La chronique de Jean-Philippe de Garate
15H49 - mardi 14 décembre 2021

Premier piège, et pas le moindre

 

Une des causes de la distance que Valérie Pécresse avait prise avec Les Républicains était connue : ce parti semblait attirer sur ses dirigeants, tel un aimant, les procédures pénales à répétition. C’est simple : ça n’arrêtait pas. On ne va pas reprendre ici la liste des affaires — savamment égrenées semestre après semestre par la machine politico-judiciaire — qui semblaient, appesantissant encore et encore une ancre déjà lourde, interdire au « bateau de la droite républicaine » de reprendre le large. « Libres », le micro-parti de Valérie Pécresse ? Tout un programme résumé en un mot.

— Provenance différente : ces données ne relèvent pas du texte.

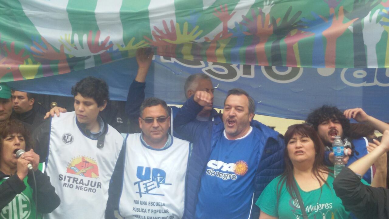 En el mismo acto Rodolfo Aguiar, Secretario General de ATE y de la CTA Autónoma de Río Negro, preguntó “¿En qué provincia vivimos?, donde las comisarías están llenas de móviles 0 km y los hospitales llenos de trabajadores haciendo cola a las 4 de la mañana para conseguir turno, porque tampoco funciona el IPROSS”.
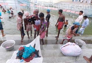 காரைக்கால்: திருநள்ளார் நளன்குளத்தில் பக்தர்கள் பயன்படுத்திய அடைகளை தூய்மைப்படுத்தும் பணியில் ஊழியர்கள் மேற்கொண்டுவருன்றனர். காரைக்கால் திருநள்ளாரில் பிரசித்தி பெற்ற தர்பாரண்யேஸ்வர கோவிலில் சனி பகவான் தனி சன்னதியில் அருள்பாலித்து வருகிறார். சனி பரிகார ஸ்தலமாக திருநள்ளார் விளங்கி வருவதால் நாள் தோறும் ஆயிரக்கணக்கிலும்,வார சனிக்கிழமைகளில் பல்வேறு மாநிலத்திலிருந்து சனிபகவானை தரிசிக்க பல்லாயிரக்கணக்கில் பக்தர்கள் வருகின்றனர். கோவிலுக்கு வரும் பக்தர்கள் அதிகாலையில் நளன்குளத்தில் குளித்துவிட்டு தங்கள் பரிகரத்திற்காக அனிந்திருக்கும் ஆடைகளை நளன் குளத்தில் விட்டு செல்கின்றார். இந்நிலையில் நேற்று முன்தினம் சனிக்கிழமை என்பதால் பல்லாயிரக்கணக்காண பக்தர்கள் நீராடினர். பக்தர்கள் பயன்படுத்திய அடைகளை திருநள்ளார் கோவில் நிர்வாகம் சார்பில் குளத்தில் உள்ள அடைகளை அகற்றும் பணிகளை <ஊழியர்கள் மேற்கொண்டுவருகின்றனர். மேலும் பக்தர்கள் வசதிக்காக குளத்தில் பல்வேறு பகுதியில் உள்ள மேட்டார் மூலம் தண்ணீரை தூய்மைப்படுத்தும் பணிகள் மேற்கொண்டுவருகிறது.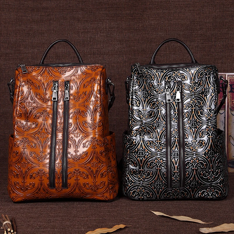 Special Product Women Embossed Rucksack First Layer Cowhide Knapsack Girls School Bag Female Daypack Travel Genuine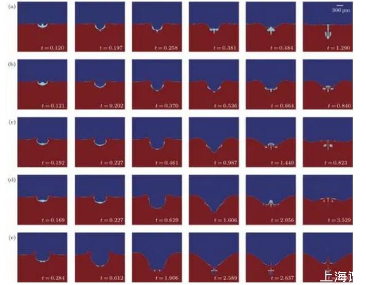 上述水滴撞擊水池的過程可以歸納為三個基本階段,第一階段為空腔的形成與膨脹;第二階段為毛細波傳播導(dǎo)致的空腔收縮;第三階段為空腔的回復(fù)。液滴撞擊深水液池時的運動分為完全聚結(jié)與部分聚結(jié)現(xiàn)象,在水滴與深水液池完全聚結(jié)時,水滴入水時由于水滴底部發(fā)生凹陷變形產(chǎn)生的氣泡夾帶隨著撞擊速度的增加而減小,而在部分聚結(jié)發(fā)生時氣泡的夾帶與截留行為則更為復(fù)雜。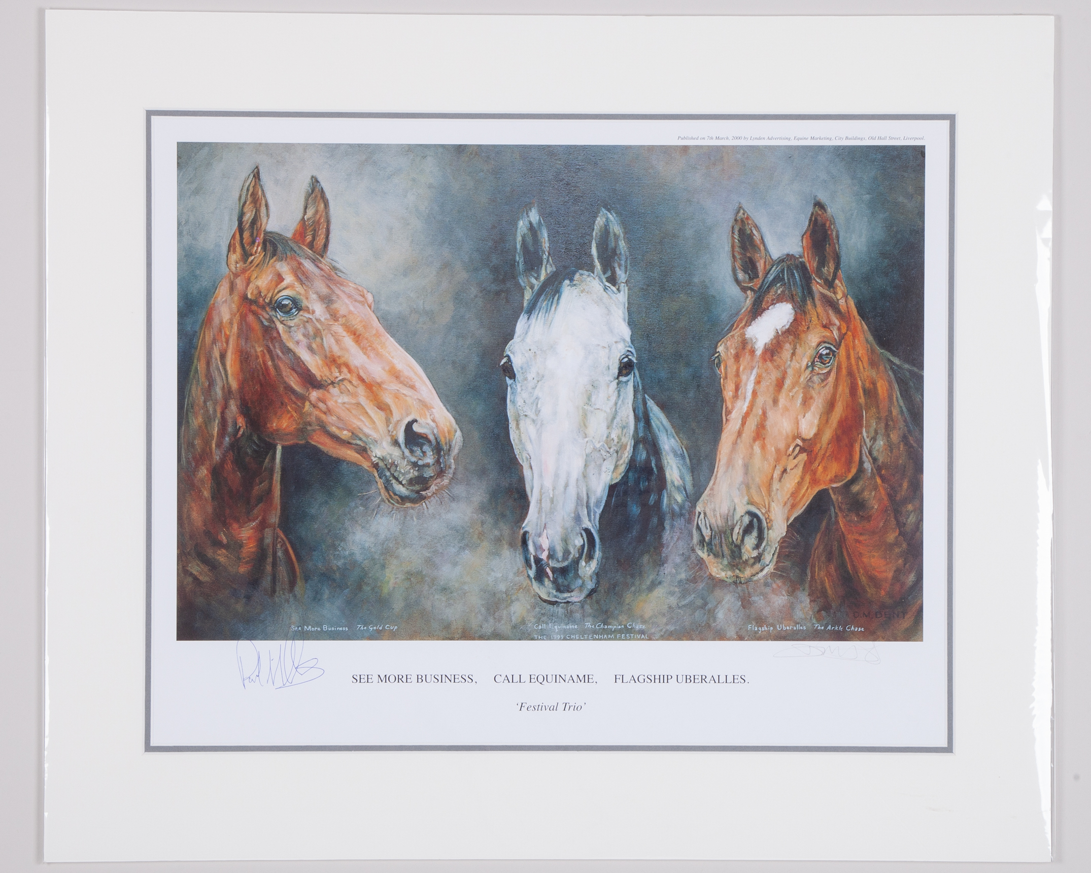 both signed by the artist, the first additionally signed by Paul Nicholls titled; Festival Trio, mounted, 61 by 51cm overall, the second additionally signed by Martin Pipe and A.P. McCoy titled; In The Company of Champions, 238/500, mounted, 50 by 65cm overall (2)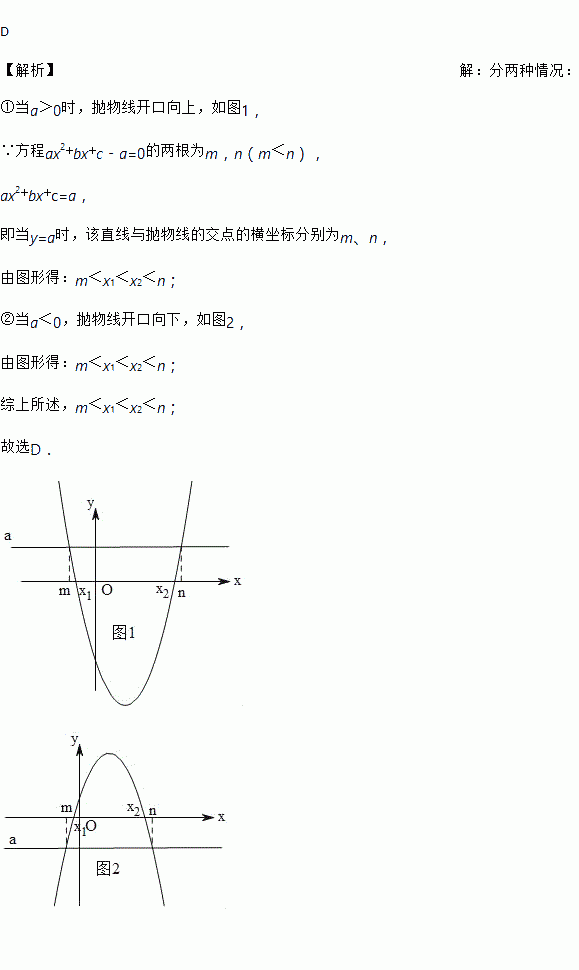 D 【解析】【解析】 分两种情况: ①当a>0时,抛物线开口向上,如图1, ∵方程ax2+bx+c﹣a=0的两根为m,n(m<n), ax2+bx+c=a, 即当y=a时,该直线与抛物线的交点的横坐标分别为m、n, 由图形得:m<x1<x2<n; ②当a<0,抛物线开口向下,如图2, 由图形得:m<x1<x2<n; 综上所述,m<x1<x2<...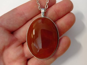 Кулон с натуральным сердоликом, в ассортименте (разное обрамление камня), размер 40*30 мм, ювелирный сплав, на цепочке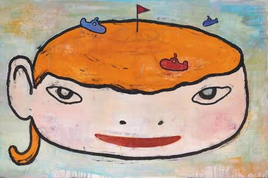 《女孩与潜水艇》中,奈良美智挥别了繁复的叙事方式,对比于1985 至1990 年代初期的创作,如与《精神错乱》(1985 年)、《云上的人》(1989 年)相较,他将带有时、地、物的背景空间描述进行减法的功夫,仅以相近黄绿、蓝、粉的色彩变化、相互交融,以简驭繁地创造出一个单纯的背景空间,而人物在此被放大,主角的地位明确地被提升—一个小女孩的大脸,占满整个画幅,像被变形而压缩成宽扁的脸庞上,两只如娃娃鱼般分得很开的眼眸正与我们对望,咧嘴而笑,透露出莫名的滑稽感,瞬间攫取了观者的注意力,而艺术家特别在女孩头顶橘色的发间正中心安插一只红旗,巧妙地把顶上天地转换成球场,或世界地图上的图景,而三艘潜水艇在一旁来回逡巡,一下子把现实与想象的疆界连接了起来。展现了奈良在创作上的自信、纯熟与天马行空的奇想。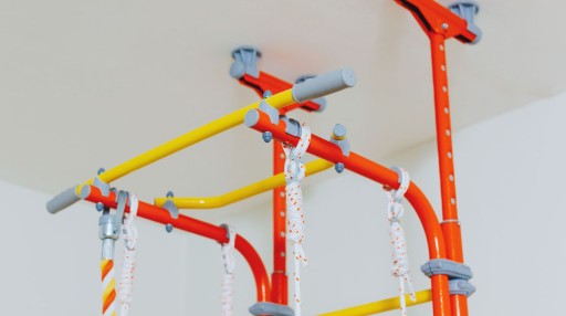 Абсолютна простота збірки розкладної драбини дозволяє в подальшому легко перенести її в інше місце. Система кріплення розпірок дозволяє уникнути свердління отворів у стінах і дозволяє встановлювати драбину в приміщеннях висотою від 227 см до навіть 325 см після подовження драбини додатковими 2 ступенями. Розпірний варіант підлаштовується під висоту квартири і дозволяє максимально використовувати весь простір в кімнаті, який ми відвели під цей спортивний інвентар. Система монтажу розпірок безпечна і сертифікована для використання як дітьми, так і дорослими - полягає в телескопічному висуненні металевих вставок зі стійок драбини до рівня стелі, а після фіксації вставок - відкручування гвинта, що розширює гімнастичний набір. між площинами, наскільки це можливо. Драбина торкається стелі чотирма елементами діаметром 8 см.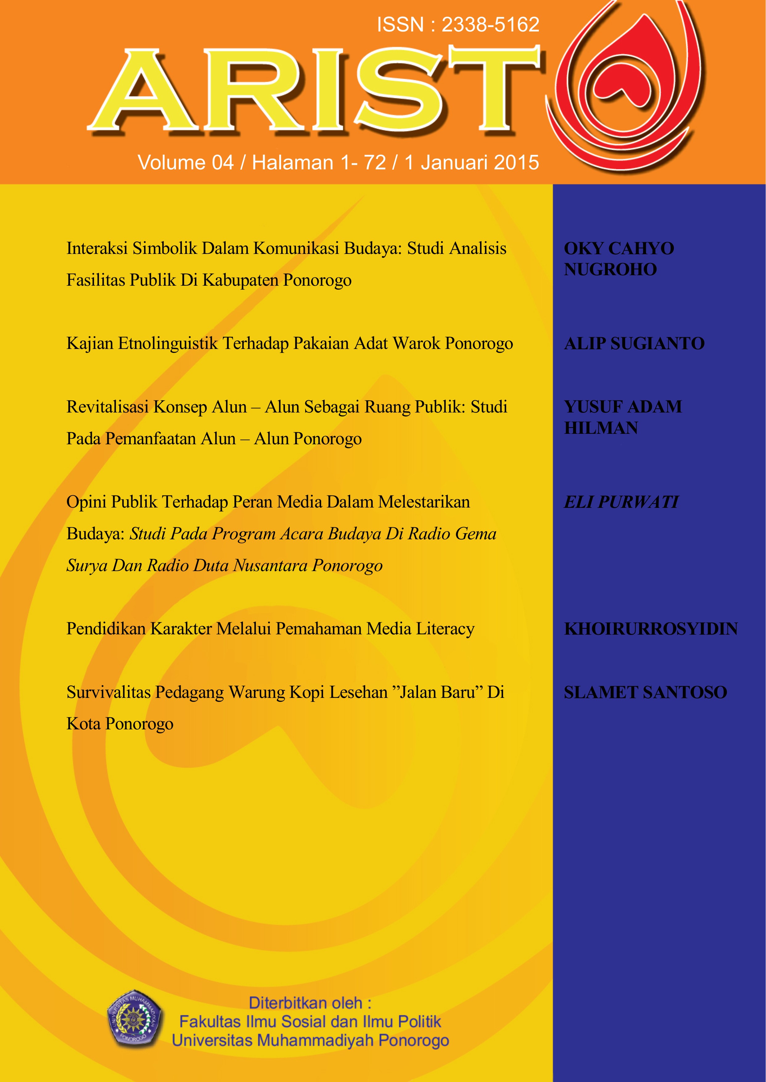 - Penulis mengakui bahwa Jurnal ARISTO berhak sebagai mempublikasikan pertama kali dengan bekerja secara bersamaan dibawah Creative Commons Attribution License yang memungkinkan orang lain untuk membagi pekerjaan dengan pengakuan dari pengarang dan publikasi pertama dalam jurnal ARISTO;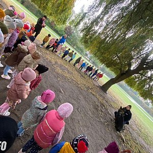 Przedszkolaki poznały postawę „żółwia”, którą należy zastosować w przypadku ataku zwierzęcia. Dzięki niej zapewnimy maksimum bezpieczeństwa, gdyż pozwala na osłonięcie znacznej powierzchni ciała.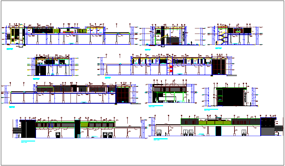 Structural view of company with different axis section and sectional elevation view dwg file in section view with different axis with view of area distribution,column and wall view and different sectional elevation view with necessary dimension.

Certes, être libre constitue un préalable non négociable pour un vrai Républicain, mais le retour de Valérie Pécresse vers LR, son élection par les militants de ce Parti renvoie les uns et les autres à une analyse nécessaire de l’ensemble. Reprendre une entreprise, c’est en assumer les comptes, tous les comptes. Et les mécomptes. Rejouer, surjouer Charles de Gaulle, Georges Pompidou ou Jacques Chirac serait improductif : nous avons changé, non de période, voire d’époque, mais d’âge.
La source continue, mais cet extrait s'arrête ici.